To understand how soil biodiversity and mesofauna fit into a complex, huge and chaotic universe, and why they matter, we first need to look outwards…

Example1.
A few years ago, NASA published a photograph called the XDF, a composite photograph compiled from ten years of Hubble telescope photographs, focusing into one small patch of empty space. 
We now know that each smear of light it recorded has had to travel up to 13.2 billion years before reaching the Hubble's camera sensor. And each one of those crazily small patches of light is yet another galaxy, each lit up by its own countless billions of stars. 
If you've ever wanted to feel existential angst, or complete, jaw-dropping wonder, now would be the time.

This is, by far, the most awe-inspiring and moving photograph I have ever seen. 

A successor, the James Webb Space Telescope, was launched in 2021, to look even further back in time and succeeded, with its remarkable first deep field infrared image of some of the early universe being released on July 12, 2022.

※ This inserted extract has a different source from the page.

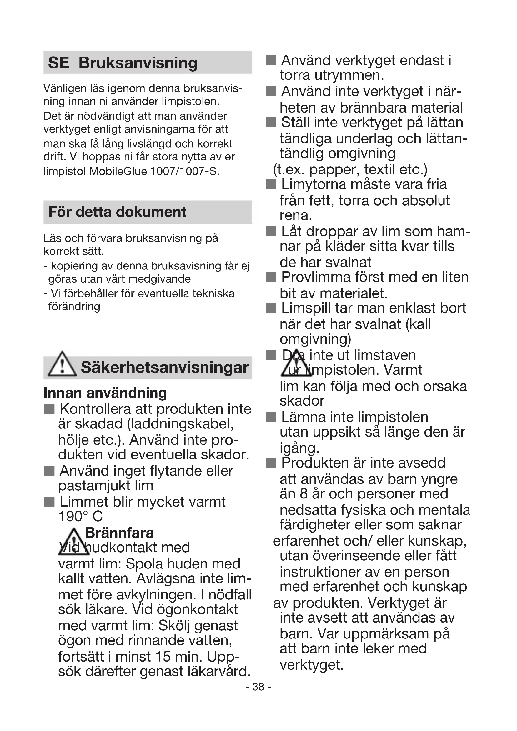 DO FABRICANTE GARANTIA ANOS DO FABRICANTE GARANTIA ANOS DO FABRICANTE PT- 38 - SE Bruksanvisning Vänligen läs igenom denna bruksanvis- ning innan ni använder limpistolen. Det är nödvändigt att man använder verktyget enligt anvisningarna för att man ska få lång livslängd och korrekt drift. Vi hoppas ni får stora nytta av er limpistol MobileGlue 1007/1007-S. För detta dokument Läs och förvara bruksanvisning på korrekt sätt. - kopiering av denna bruksavisning får ej göras utan vårt medgivande - Vi förbehåller för eventuella tekniska förändring Innan användning Kontrollera att produkten inte är skadad (laddningskabel, hölje etc.). Använd inte pro- dukten vid eventuella skador. Använd inget flytande eller pastamjukt lim Limmet blir mycket varmt 190° C Brännfara Vid hudkontakt med varmt lim: Spola huden med kallt vatten. Avlägsna inte lim- met före avkylningen. I nödfall sök läkare. Vid ögonkontakt med varmt lim: Skölj genast ögon med rinnande vatten, fortsätt i minst 15 min. Upp- sök därefter genast läkarvård. Säkerhetsanvisningar Använd verktyget endast i torra utrymmen. Använd inte verktyget i när- heten av brännbara material Ställ inte verktyget på lättan- tändliga underlag och lättan- tändlig omgivning (t.ex. papper, textil etc.) Limytorna måste vara fria från fett, torra och absolut rena. Låt droppar av lim som ham- nar på kläder sitta kvar tills de har svalnat Provlimma först med en liten bit av materialet. Limspill tar man enklast bort när det har svalnat (kall omgivning) Dra inte ut limstaven ur limpistolen. Varmt lim kan följa med och orsaka skador Lämna inte limpistolen utan uppsikt så länge den är igång. Produkten är inte avsedd att användas av barn yngre än 8 år och personer med nedsatta fysiska och mentala färdigheter eller som saknar erfarenhet och/ eller kunskap, utan överinseende eller fått instruktioner av en person med erfarenhet och kunskap av produkten. Verktyget är inte avsett att användas av barn. Var uppmärksam på att barn inte leker med verktyget.- 39 - Bäst limresultat och lång livslängd på limpistolen får man med STEINEL limstavar. USB-laddkabel Håll laddningskabeln ren. Det finns risk för elektriska stötar på grund av smuts. Förvara verktyget i tempera- tur mellan 0 – 35° C Ladda bara apparaten med den medföljande USB-laddningskabeln ( typ 15.3841). Ladda inte batterier från tredje part. I an- nat fall finns risk för brand och explosion. Batteri Öppna inte limpistolen och batteriet. Då är det stor risk för kortslutning. Batteriet får inte tas bort eller bytas. Vänd er i så fall till närmaste åter- försäljare. Ett Li-Ion batteri kan laddas ur många gånger utan att livslängden förkortas. Ett avbrott av laddningen skadar inte batteriet. Om man inte ska använda limpistolen på ett tag, bör man förvara den med full- laddat batteri. Det förlänger batteriets livslängd. Vid skada eller felaktig Användningsområde Det här verktyget är avsett för lim som är fritt från lösningsmedel och används för reparation, dekoration och hobbyar- beten. användning av batteriet kan fukt (ånga) komma ut från batteriet. I så fall vädra och uppsök frisk luft, vid besvär med luftvägar uppsök läkarna. Materialanvändning Allroundlim för reparation, dekoration och hobby-arbeten, avsedd för papper, kartong, kork, trä, läder, textil, plast, keramik, kakel m.m. SESE- 40 - Produktbeskrivning USB-laddningskabel LED visning Uttag för laddningskabel Knapp PÅ/AV Matning Limstav Funktion och användning ■ Vid första användningstillfället bör man ladda batteriet i 5 timmar för att förlänga livslängden för batterier (se laddning/drift). ■ Stick in limstaven baktill på värmeka- nalen. ■ Vid första användningstillfället måste trycka några gånger på frammatning- en för att fylla värmekammaren med lim. Man kan också behöva trycka lätt på limstaven för att få igång frammat- ningen. ■ För att man inte av misstag ska kunna starta limpistolen måste startknap- pen vara intryckt ca 2 sekunder. En grön Led blinkar i 15 sekunder. ■ Tryck in frammatning för limmet och applicera limmet i lagom dos. ■ Pressa kraftigt ihop det limmade ma- terialet. Laddning - användning Batteriet till MobileGlue 1007/1007-S levereras med delvis laddat batteri. Vid en första laddning tar det ca 2-3 tim- mar innan batteriet är fulladdat. Under laddning av batteriet kan MobileGlue 1007/1007-S inte användas. Batteri kan laddas ur många gånger utan att livslängden förkortas. Ett avbrott av laddningen skadar inte batteriet. Tack vare Elektronisk Cell Skydd (ECP) är bat- teriet skyddat mot djupurladdning. När batteriet är urladdat stängs MobileGlue 1007/1007-S av. ■ Redan efter ca. 2 minuter är limfogen fullt belastningsbar. ■ Applicera limmet som punkter vid stora och långa limytor. ■ Formskum ( t. ex styropor) kan enkelt limmas. Viktigt är att limmet inte appliceras på styroporplasten utan på det andra materialet. ■ Vid limning av textil och läder bör lim- fogen läggas som en ringlande linje. ■ Se till att verktyget kyls efter användning. Laddnings faser USB-laddstation Knapp LED röd LED grön PÅ/AV Batteriet laddas. Limpistolen kan användas under en begränsad tid Klar att använda, batteriet laddat- 41 - Användning/limning Knapp LED röd LED grön PÅ Laddad. Tryck på startknappen i ca 2 sek. Grön LED-lampa blinkar i 15 sek. Limpistolen är i drift Efter 5 minuter stängs limpistolen av automatiskt, varje användningstillfälle återställer tiden. Limpistolen är i drift Efter 5 minuter stängs limpistolen av automatiskt, varje användningstillfälle återställer tiden. Röd LED-lampa blinkar efter 20 minuters använd- ning. Limpistolen kan dock användas i ytterligare 10 min. Röd LED-lampa blinkar 1×. Batteriet är urladdat, ladda batteriet i laddstationen. Mått (H × B × D): MobileGlue 1007 MobileGlue 1007-S 157×47

Galaxy cluster SMACS 0723, © ESA, CSA, and STScI

For now at least, the historic Hubble is still functional, and silently drifts, caught in a low orbit, as below, the earth spins us around a small provincial star sitting in part of an insignificant spur of the Milky Way Galaxy. 

 
 

Every atom in your body came from a star that exploded. And, the atoms in your left hand probably came from a different star than your right hand.
It really is the most poetic thing I know about physics: You are all stardust. You couldn’t be here if stars hadn’t exploded, because the elements - the carbon, nitrogen, oxygen, iron, all the things that matter for evolution and for life - weren’t created at the beginning of time.
They were created in the nuclear furnaces of stars, and the only way for them to get into your body is if those stars were kind enough to explode.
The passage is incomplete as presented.